Having a data set as below.Here I need to group the subset in column and fill the missing values using mode method.
Need to group the value 'Tom' from name and 'UK' from Country and fill the missing value in value using mode.
Name | Country | Value |
---|---|---|
Tom | USA | 30.0 |
Tom | UK | 20.0 |
Tom | UK | NaN |
nick | USA | 19.0 |
nick | USA | 18.0 |
Tom | India | 23.0 |
nick | USA | 15.0 |
nick | USA | 20.0 |
jack | India | NaN |
Tom | UK | 23.0 |
Tom | UK | 23.0 |
I tried the code below.
np.where((data['Name'] == 'Tom') & (data['Country']=='UK'),data['Value'].fillna(data['Value'].mode()[0]),data['Value'])

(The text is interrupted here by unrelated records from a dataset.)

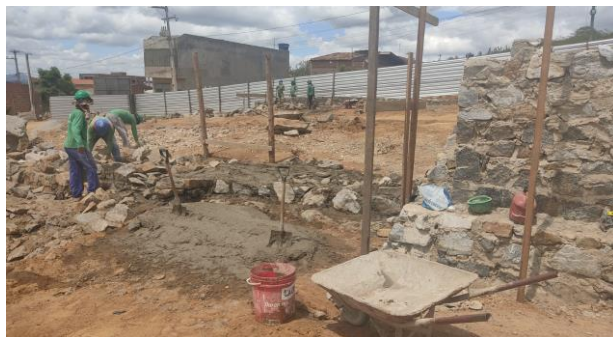
Construção dos muros de contenção (entre o platô 2 e 4)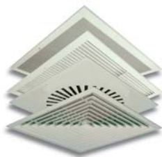
7. FKOP Gitter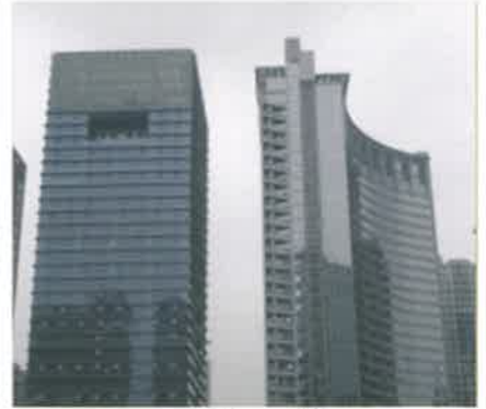
Shenxi Hong Kong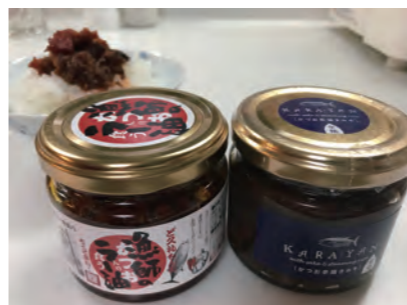
根強い人気の漁師のラー油 (左)、カラヤン (右)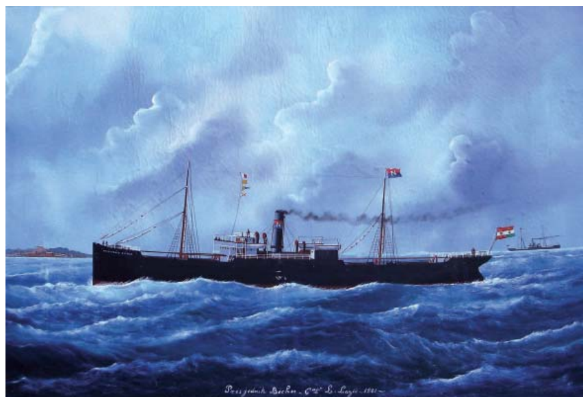
P/B „Predsjednik Becher“, ulje na platnu najvjerojatnije E. Adama (sina) S/S „Predsjednik Becher“, oil on canvas, most probably by E. Adam (son)

Parobrod „Predsjednik Becher“ pozivnog znaka „H Q G V“, izgrađen je 1900. g. u Stockton on Teasu. Imao je 2.319 brt (1.445 nrt) i jačinu parostroja od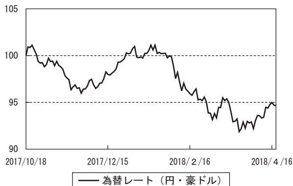
為替市況の推移 (当作成期首を100として指数化)

(注) MSCI 世界高配当公益株指数は、世界の公益株の中から、相対的に配当利回りの高い銘柄で構成される指数であり、MSCI Inc. が開発した指数です。同指数に対する著作権及びその他知的財産権はすべてMSCI Inc. に帰属します。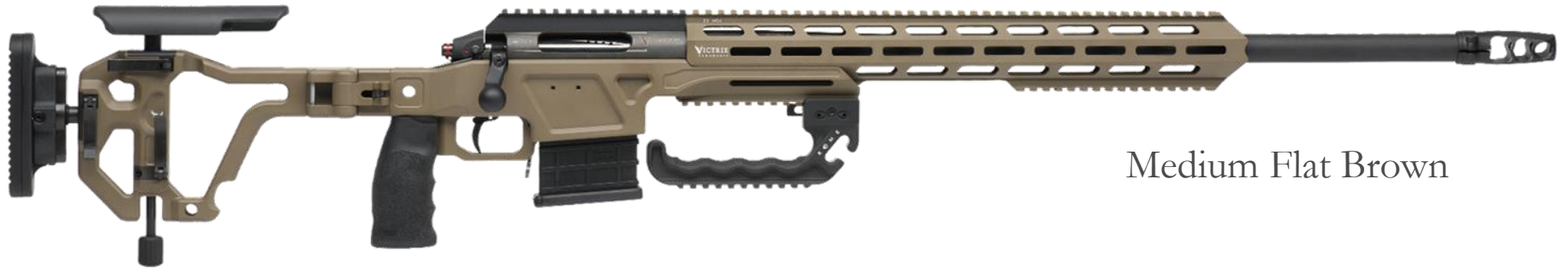
Medium Flat Brown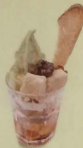
黒蜜きなこパフェ 407円(税込440円)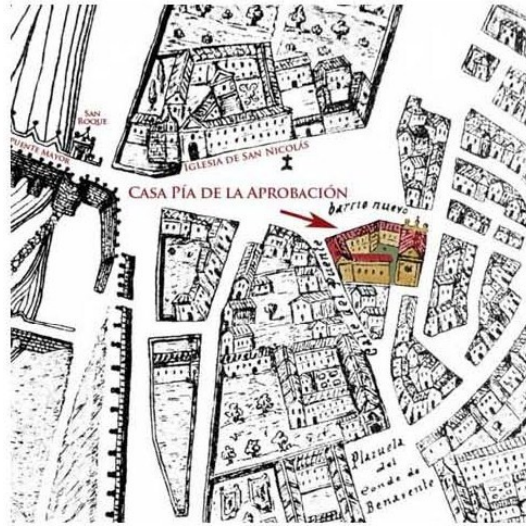
Fig. 2. Casa Pía de la Aprobación.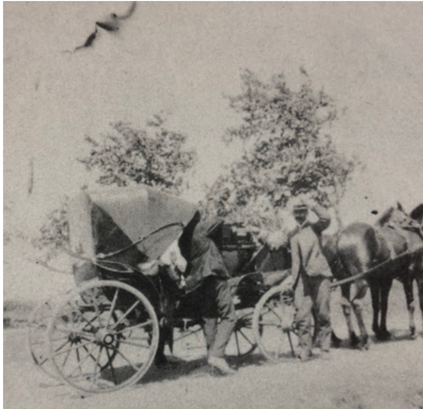
Մուլլթան Յամիտի մահափորձի ժամանակ օգտագործուած կառքը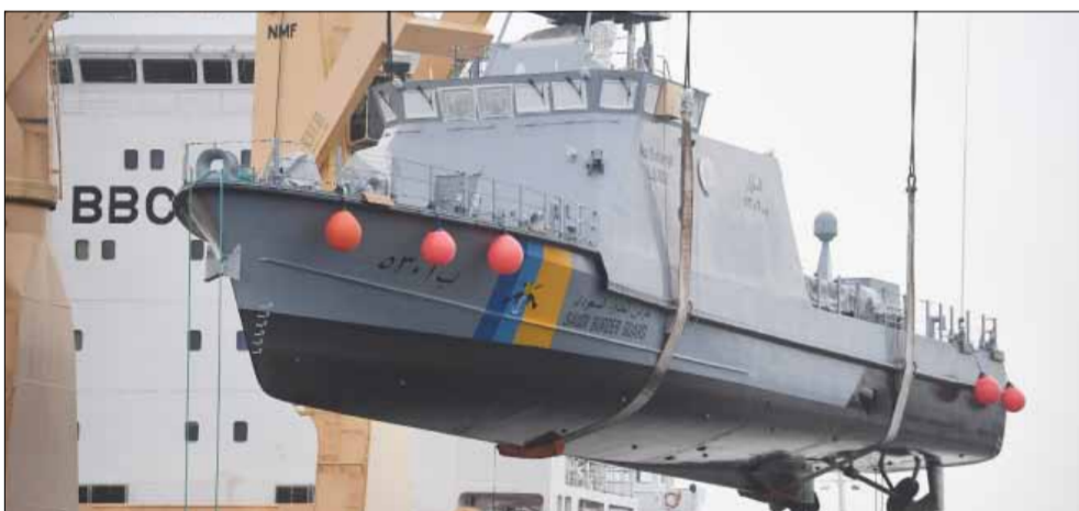
Ein Patrouillenboot für Saudi-Arabien wird verladen. Gebaut wurde es im vorpommerschen Wolgast.

Viel klarer kann eine Formulierung kaum sein: „Wir werden ab sofort keine Ausfuhren an Länder genehmigen, solange diese unmittelbar am Jemen-Krieg beteiligt sind“, heißt es in dem Koalitionsvertrag zwischen SPD, CDU und CSU, den die Spitzen der drei Regierungsparteien am 12. März 2018 feierlich unterzeichnet haben. Doch nur zehn Tage später sollte die im Koalitionsvertrag – immerhin an sieben verschiedenen Stellen – breit angekündigte „restriktivere Rüstungsexportpolitik“ kaum mehr als Schall und Rauch sein. Im Wirtschaftsausschuss teilte Wirtschaftsminister Peter Altmaier (CDU) dem verduzteten Parlament mit, dass die Regierung die Lieferung von acht Pa-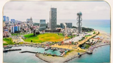
เมืองชายทะเล บาดูมี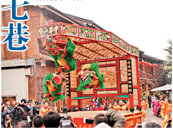
▲寧德霍童線獅又稱「抽獅」，現留存於福建寧德霍童鎮，是一種喬裝動物的雜技節目

「2012福建非遺進三坊七巷活動」第一階段的展覽展示將延續到元宵後，期間水榭「非遺」大戲台將在周末和春節假期連續進行。福建省「非遺」博覽苑的各項展覽展示活動將持續到三月份。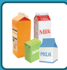
ENVASES DE CARTÓN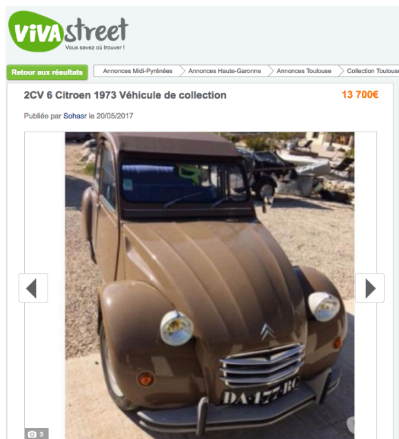
Annnonce d'une 2CV de 1973

Comme le marché du luxe, celui de la voiture de collection continue d'aiguiser les envies des passionnés d'automobiles et des investisseurs. Entre les Ferrari, les Mustang et les Mercedes, c'est pourtant la 2CV Citroën qui remporte la palme de la voiture la plus vendue sur Vivastreet. La Deuch ou la Deudeuche, produite pendant plus de 40 ans et vendue à plus de 9 millions d'exemplaires, est un symbole de la France dans l'imaginaire collectif international, au même titre que la baguette ou la Tour Eiffel. Son prix variant de 3 000 à plus de 20 000 euros, elle reste une automobile populaire et accessible à toutes les bourses.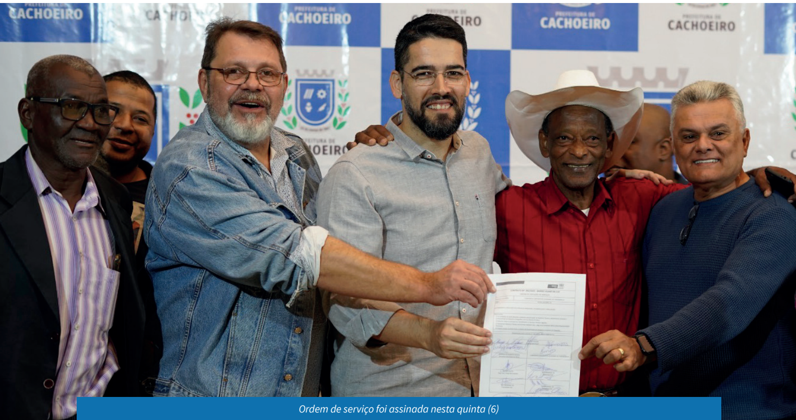
Ordem de serviço foi assinada nesta quinta (6)

CodePudding user response:
I use .eq() .lt() .ge()
etc, to avoid excess ()
everywhere when combining conditions~
Also, since this isn't an if...else
, we can just use pd.DataFrame.mask
instead of np.where
~
I also assumed that you only want the mode
of the same group~ rather than the whole column. If you want the whole column change data.loc[mask, 'Value']
to just data['Value']
mask = (data['Name'].eq('Tom') &
data['Country'].eq('UK'))
data['Value'] = data['Value'].mask(mask & data['Value'].isna(),
data.loc[mask, 'Value'].mode()[0])
Name Country Value
0 Tom USA 30.0
1 Tom UK 20.0
2 Tom UK 23.0
3 nick USA 19.0
4 nick USA 18.0
5 Tom India 23.0
6 nick USA 15.0
7 nick USA 20.0
8 jack India NaN
9 Tom UK 23.0
10 Tom UK 23.0
CodePudding user response:
You don't really need to go as far as masking the data for the mode you can simply try:
data['Value'] = np.where((data['Name'] == 'Tom') & (data['Country']=='UK'),data['Value'].fillna(data['Value'].mode()[0]),data['Value'])
Edit: If you'd like to address only those Null values where the Name is Tom and Country UK, you can add an additional criteria:
data['Value'] = np.where((data['Name'] == 'Tom') & (data['Country']=='UK') & (data['Value'].isna()),data['Value'].mode()[0],data['Value'])
CodePudding user response:
here is one way using group by
and ffill
:
df["Value"] = df.groupby(["Name", "Country"])["Value"].ffill()
output :
Name Country Value
0 Tom USA 20.0
1 Tom UK 20.0
2 Tom UK 20.0
3 nick USA 19.0
4 nick USA 18.0
5 Tom India 23.0
6 nick USA 15.0
7 nick USA 20.0
8 jack India NaN
9 Tom UK 23.0
10 Tom UK 23.0